### [Task directions]
Please set down every entry again exactly as it stands, without the pictures.

[Start of section]

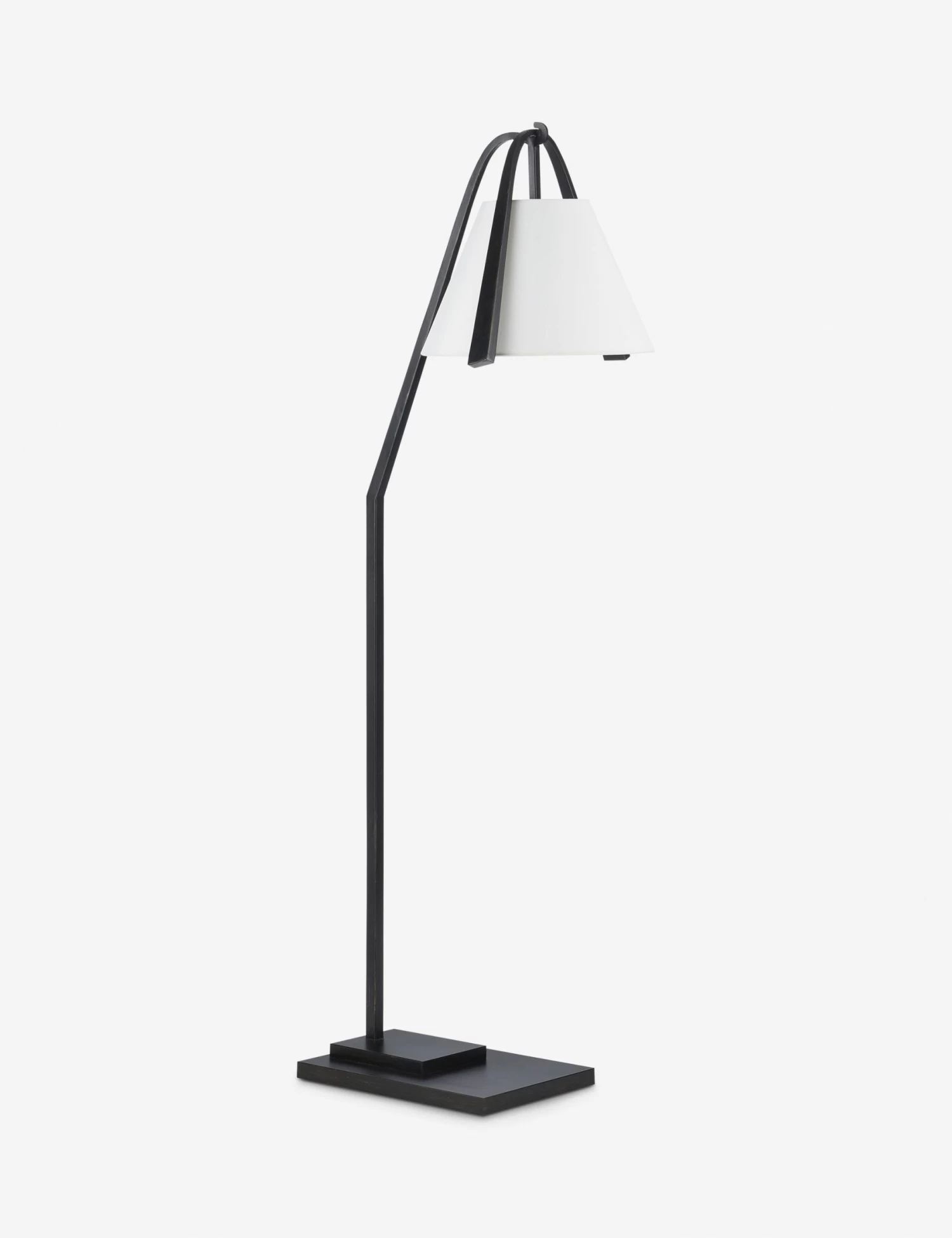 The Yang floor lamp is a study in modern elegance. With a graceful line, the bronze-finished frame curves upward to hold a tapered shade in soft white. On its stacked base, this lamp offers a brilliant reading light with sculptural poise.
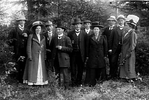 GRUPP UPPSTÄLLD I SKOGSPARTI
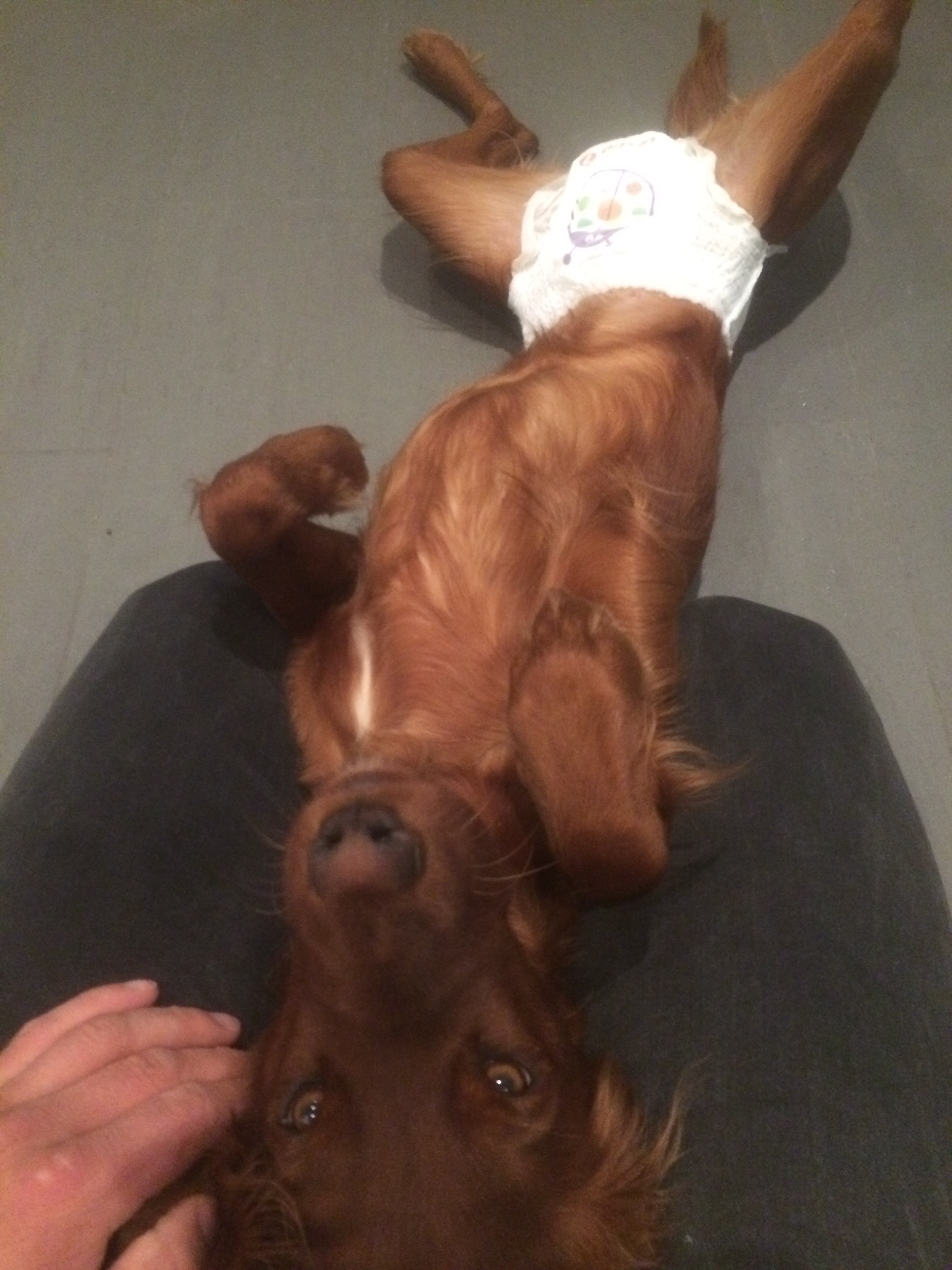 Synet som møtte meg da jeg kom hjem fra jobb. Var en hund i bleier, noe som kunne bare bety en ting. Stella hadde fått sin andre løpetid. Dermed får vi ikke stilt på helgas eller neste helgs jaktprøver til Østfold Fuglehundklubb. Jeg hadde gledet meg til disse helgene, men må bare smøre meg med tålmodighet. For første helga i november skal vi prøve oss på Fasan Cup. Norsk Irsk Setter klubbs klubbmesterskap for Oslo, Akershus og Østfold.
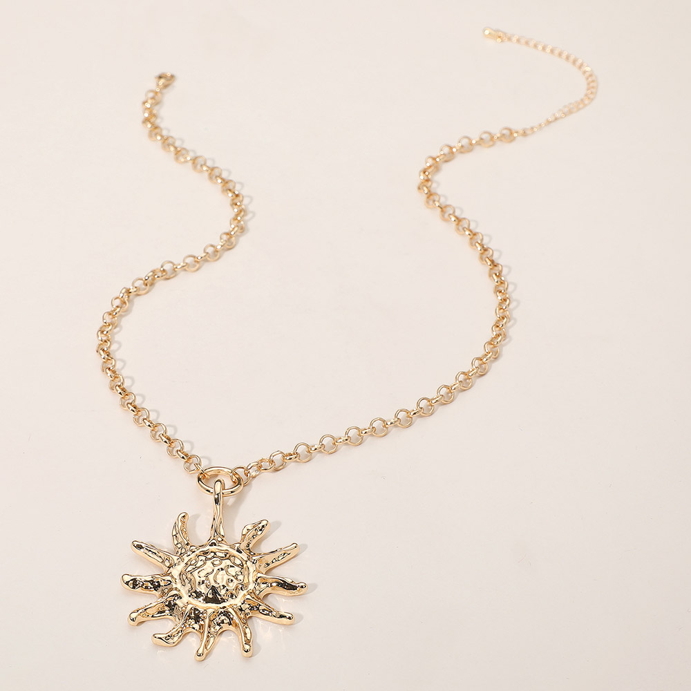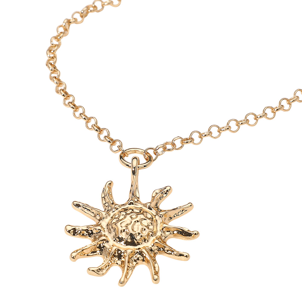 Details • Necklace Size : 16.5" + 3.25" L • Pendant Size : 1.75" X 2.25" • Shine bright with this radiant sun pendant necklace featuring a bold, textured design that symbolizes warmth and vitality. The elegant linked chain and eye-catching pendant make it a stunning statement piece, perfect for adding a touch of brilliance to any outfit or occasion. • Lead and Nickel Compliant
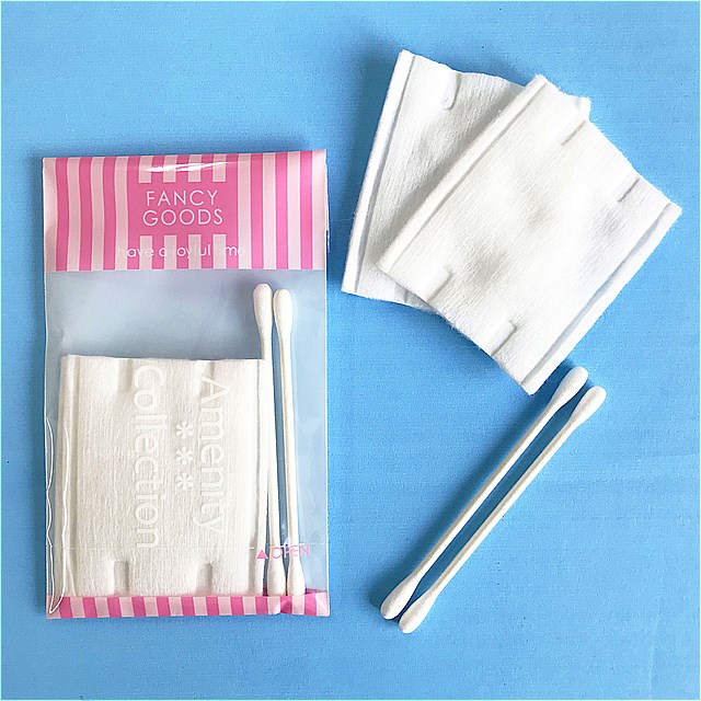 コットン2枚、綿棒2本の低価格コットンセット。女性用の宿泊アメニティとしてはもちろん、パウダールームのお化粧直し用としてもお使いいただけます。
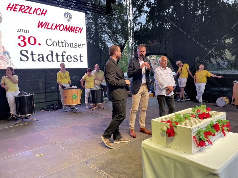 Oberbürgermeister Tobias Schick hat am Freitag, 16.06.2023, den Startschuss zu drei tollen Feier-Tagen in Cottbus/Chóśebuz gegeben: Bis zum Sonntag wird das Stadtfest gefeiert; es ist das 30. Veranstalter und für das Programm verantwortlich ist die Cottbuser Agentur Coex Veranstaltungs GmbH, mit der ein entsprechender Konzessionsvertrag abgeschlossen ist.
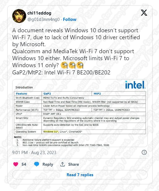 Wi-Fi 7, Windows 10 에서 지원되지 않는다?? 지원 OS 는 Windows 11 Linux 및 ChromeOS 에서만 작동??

[End of section]

### [Written response]
 The Yang floor lamp is a study in modern elegance. With a graceful line, the bronze-finished frame curves upward to hold a tapered shade in soft white. On its stacked base, this lamp offers a brilliant reading light with sculptural poise.
 GRUPP UPPSTÄLLD I SKOGSPARTI
 Synet som møtte meg da jeg kom hjem fra jobb. Var en hund i bleier, noe som kunne bare bety en ting. Stella hadde fått sin andre løpetid. Dermed får vi ikke stilt på helgas eller neste helgs jaktprøver til Østfold Fuglehundklubb. Jeg hadde gledet meg til disse helgene, men må bare smøre meg med tålmodighet. For første helga i november skal vi prøve oss på Fasan Cup. Norsk Irsk Setter klubbs klubbmesterskap for Oslo, Akershus og Østfold.
 Details • Necklace Size : 16.5" + 3.25" L • Pendant Size : 1.75" X 2.25" • Shine bright with this radiant sun pendant necklace featuring a bold, textured design that symbolizes warmth and vitality. The elegant linked chain and eye-catching pendant make it a stunning statement piece, perfect for adding a touch of brilliance to any outfit or occasion. • Lead and Nickel Compliant
 コットン2枚、綿棒2本の低価格コットンセット。女性用の宿泊アメニティとしてはもちろん、パウダールームのお化粧直し用としてもお使いいただけます。
 Oberbürgermeister Tobias Schick hat am Freitag, 16.06.2023, den Startschuss zu drei tollen Feier-Tagen in Cottbus/Chóśebuz gegeben: Bis zum Sonntag wird das Stadtfest gefeiert; es ist das 30. Veranstalter und für das Programm verantwortlich ist die Cottbuser Agentur Coex Veranstaltungs GmbH, mit der ein entsprechender Konzessionsvertrag abgeschlossen ist.
 Wi-Fi 7, Windows 10 에서 지원되지 않는다?? 지원 OS 는 Windows 11 Linux 및 ChromeOS 에서만 작동??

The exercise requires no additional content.